ウキウキして飛び上がり、思わずその場で一回転して転んだ。


「リリス!なんてはしたない!」


ベレナが運悪く、見ていて飛んできた。

人間ではない師の代わりにリリスをしつけるための人間だけあって、めざとく厳しい老婦人だ。


「主人の前で不作法な!

水くみはどうしました?階段の掃除は?」


ぺろりと舌を出し、シャンと姿勢を正してお辞儀する。


「あっ、はい!すぐにいたします!」

慌てて水汲みに急いだ。


でも、心は楽しみでいっぱいだ。

心も軽く、冷たい季節に一番辛い水汲みも苦にならない。




夜仕事が終わるのを待ちわびて自室に戻り、さっそくベッドと回りをピカピカに磨いた。


「サンタ様はどこから来られるんだろう。寒いけど今夜からは少し、窓を開けておこうかな。

あ、そうだ、肝心の靴を置いておかなきゃ。

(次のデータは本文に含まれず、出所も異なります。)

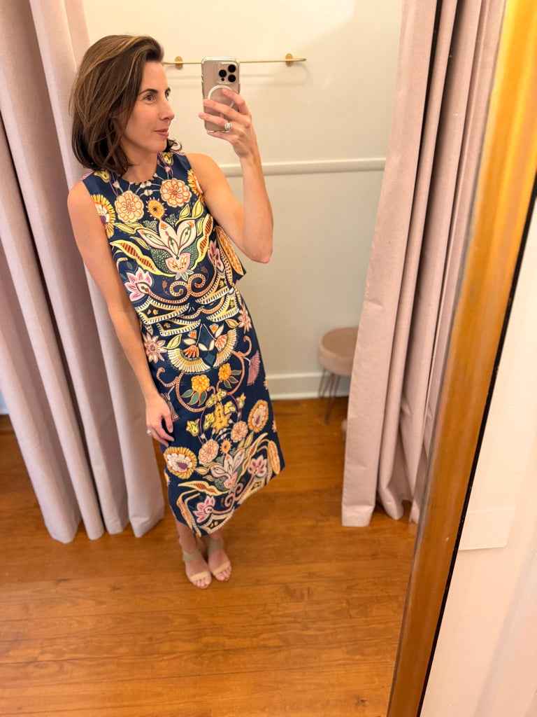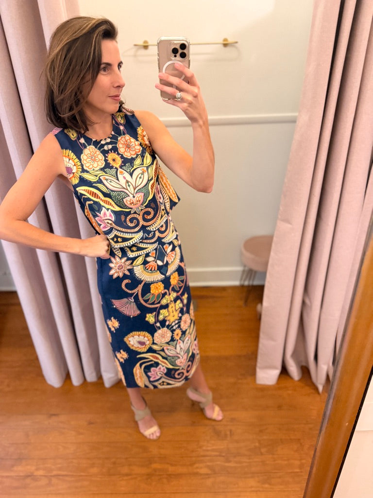 Finished with buttons up the back, this cropped shell is offered in Neptune, our abstract placement floral set against a muted navy ground. Fallon was designed to pair seamlessly with the matching Sutton skirt, creating an elegant spring and summer set with a Mediterranean sensibility.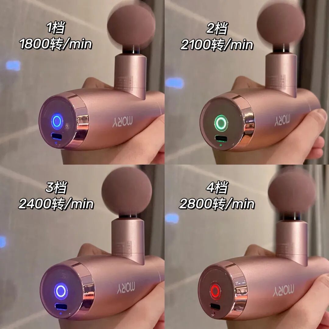 同时小蛮腰筋膜枪还有 4 档模式,涵盖 1800~2800 转 / min,一键切换多档调节,缓解大家不同程度的肌肉酸痛,就像是请了一个「全自动」的按摩师傅,大家再也不用「轻一点」「太重了」的滋哇乱叫了。

」


ロウソクで照らし、足下の靴を見る。


今履いているのは粗末な布靴で、ずいぶんくたびれてシミだらけで、元の色がわからないほど汚れている。


「駄目かなあ……これじゃあ、サンタ様ビックリして帰っちゃうかなあ……」


持っている靴はあと一足。

セフィーリアが買ってくれた物だ。

長旅ばかりしたせいで、その靴も穴が開いてボロボロだ。

そう言えば、旅の途中もやたら水が漏れて困ったのだ。


「どうしよう……サンタ様はこれにプレゼントを入れて下さるかな……汚いけど、許して下さるかな……」


新しい靴なんて到底無理だし、支給してもらえるのはベレナがもう履けないと認めた時だ。

仕方ないので、汚れがいくらかマシな外出用の靴をつくろうことにした。


ああ、たのしみ!わくわくする!


精霊の贈り物って、一体何だろう。